#### GOAL OF THE EXERCISE
What you return should be the complete data below, word for word, with no pictures in it.

#### COLLECTED DATA
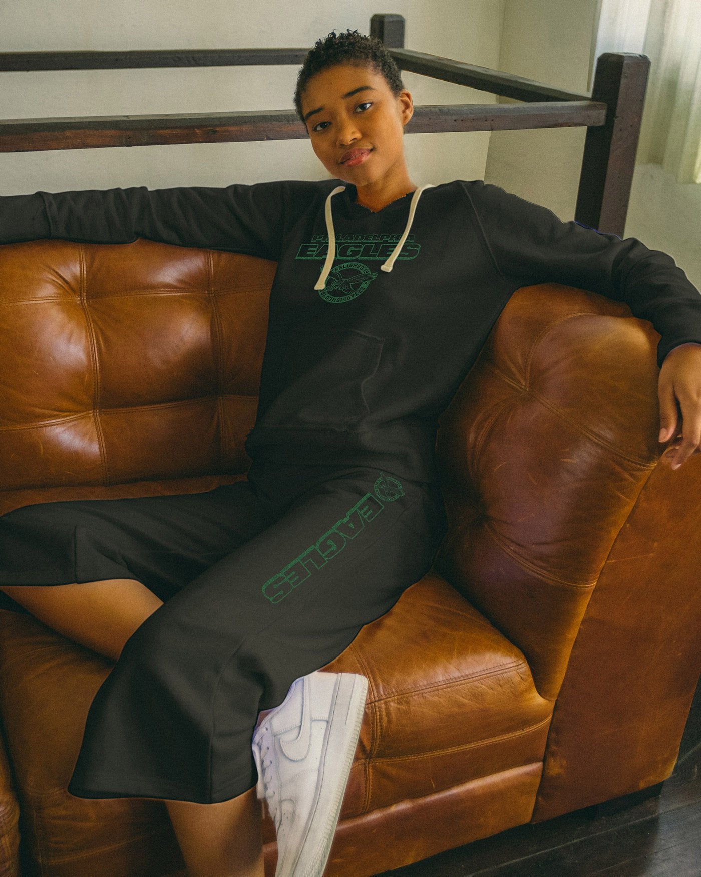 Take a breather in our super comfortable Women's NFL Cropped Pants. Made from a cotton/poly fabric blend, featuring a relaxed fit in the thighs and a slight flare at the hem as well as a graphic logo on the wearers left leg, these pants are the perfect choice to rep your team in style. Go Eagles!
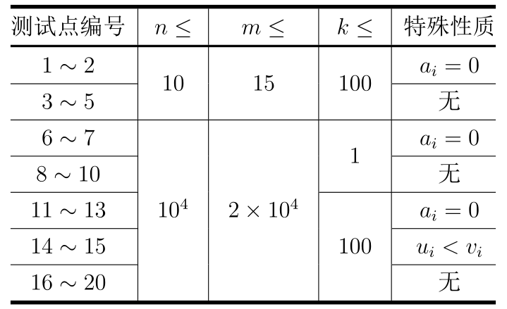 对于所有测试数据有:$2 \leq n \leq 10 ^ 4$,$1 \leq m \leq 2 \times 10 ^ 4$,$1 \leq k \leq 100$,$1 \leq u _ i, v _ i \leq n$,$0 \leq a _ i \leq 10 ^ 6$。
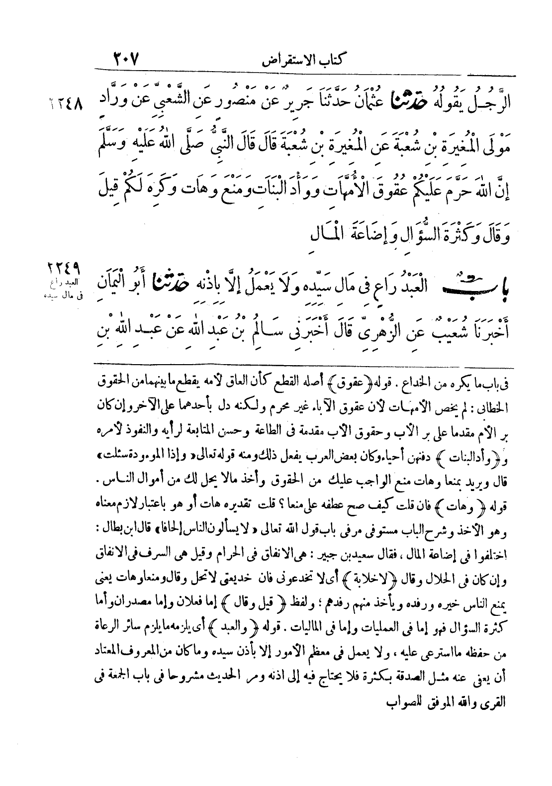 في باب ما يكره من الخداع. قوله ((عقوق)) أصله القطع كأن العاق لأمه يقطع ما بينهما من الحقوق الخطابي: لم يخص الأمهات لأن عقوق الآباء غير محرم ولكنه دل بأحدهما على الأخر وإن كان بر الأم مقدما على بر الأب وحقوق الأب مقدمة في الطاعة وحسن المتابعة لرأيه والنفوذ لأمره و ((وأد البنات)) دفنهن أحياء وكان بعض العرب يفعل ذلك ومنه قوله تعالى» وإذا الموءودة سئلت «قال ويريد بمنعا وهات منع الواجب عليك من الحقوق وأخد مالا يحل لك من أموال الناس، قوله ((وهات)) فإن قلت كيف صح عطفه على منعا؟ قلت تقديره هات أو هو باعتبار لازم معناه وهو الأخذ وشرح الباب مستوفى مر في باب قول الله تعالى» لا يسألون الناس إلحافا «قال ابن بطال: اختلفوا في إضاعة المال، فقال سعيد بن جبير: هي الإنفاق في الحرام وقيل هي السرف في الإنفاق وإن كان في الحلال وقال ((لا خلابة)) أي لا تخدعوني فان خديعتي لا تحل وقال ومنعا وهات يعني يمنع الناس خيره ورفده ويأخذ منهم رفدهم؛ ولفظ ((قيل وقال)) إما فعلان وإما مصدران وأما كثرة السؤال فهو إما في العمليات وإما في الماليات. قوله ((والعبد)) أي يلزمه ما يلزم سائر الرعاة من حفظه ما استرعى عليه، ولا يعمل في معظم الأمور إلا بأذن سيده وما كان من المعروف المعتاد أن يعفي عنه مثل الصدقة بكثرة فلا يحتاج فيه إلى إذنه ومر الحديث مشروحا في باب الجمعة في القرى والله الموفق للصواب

#### OUTPUT
 Take a breather in our super comfortable Women's NFL Cropped Pants. Made from a cotton/poly fabric blend, featuring a relaxed fit in the thighs and a slight flare at the hem as well as a graphic logo on the wearers left leg, these pants are the perfect choice to rep your team in style. Go Eagles!
 对于所有测试数据有:$2 \leq n \leq 10 ^ 4$,$1 \leq m \leq 2 \times 10 ^ 4$,$1 \leq k \leq 100$,$1 \leq u _ i, v _ i \leq n$,$0 \leq a _ i \leq 10 ^ 6$。
 في باب ما يكره من الخداع. قوله ((عقوق)) أصله القطع كأن العاق لأمه يقطع ما بينهما من الحقوق الخطابي: لم يخص الأمهات لأن عقوق الآباء غير محرم ولكنه دل بأحدهما على الأخر وإن كان بر الأم مقدما على بر الأب وحقوق الأب مقدمة في الطاعة وحسن المتابعة لرأيه والنفوذ لأمره و ((وأد البنات)) دفنهن أحياء وكان بعض العرب يفعل ذلك ومنه قوله تعالى» وإذا الموءودة سئلت «قال ويريد بمنعا وهات منع الواجب عليك من الحقوق وأخد مالا يحل لك من أموال الناس، قوله ((وهات)) فإن قلت كيف صح عطفه على منعا؟ قلت تقديره هات أو هو باعتبار لازم معناه وهو الأخذ وشرح الباب مستوفى مر في باب قول الله تعالى» لا يسألون الناس إلحافا «قال ابن بطال: اختلفوا في إضاعة المال، فقال سعيد بن جبير: هي الإنفاق في الحرام وقيل هي السرف في الإنفاق وإن كان في الحلال وقال ((لا خلابة)) أي لا تخدعوني فان خديعتي لا تحل وقال ومنعا وهات يعني يمنع الناس خيره ورفده ويأخذ منهم رفدهم؛ ولفظ ((قيل وقال)) إما فعلان وإما مصدران وأما كثرة السؤال فهو إما في العمليات وإما في الماليات. قوله ((والعبد)) أي يلزمه ما يلزم سائر الرعاة من حفظه ما استرعى عليه، ولا يعمل في معظم الأمور إلا بأذن سيده وما كان من المعروف المعتاد أن يعفي عنه مثل الصدقة بكثرة فلا يحتاج فيه إلى إذنه ومر الحديث مشروحا في باب الجمعة في القرى والله الموفق للصواب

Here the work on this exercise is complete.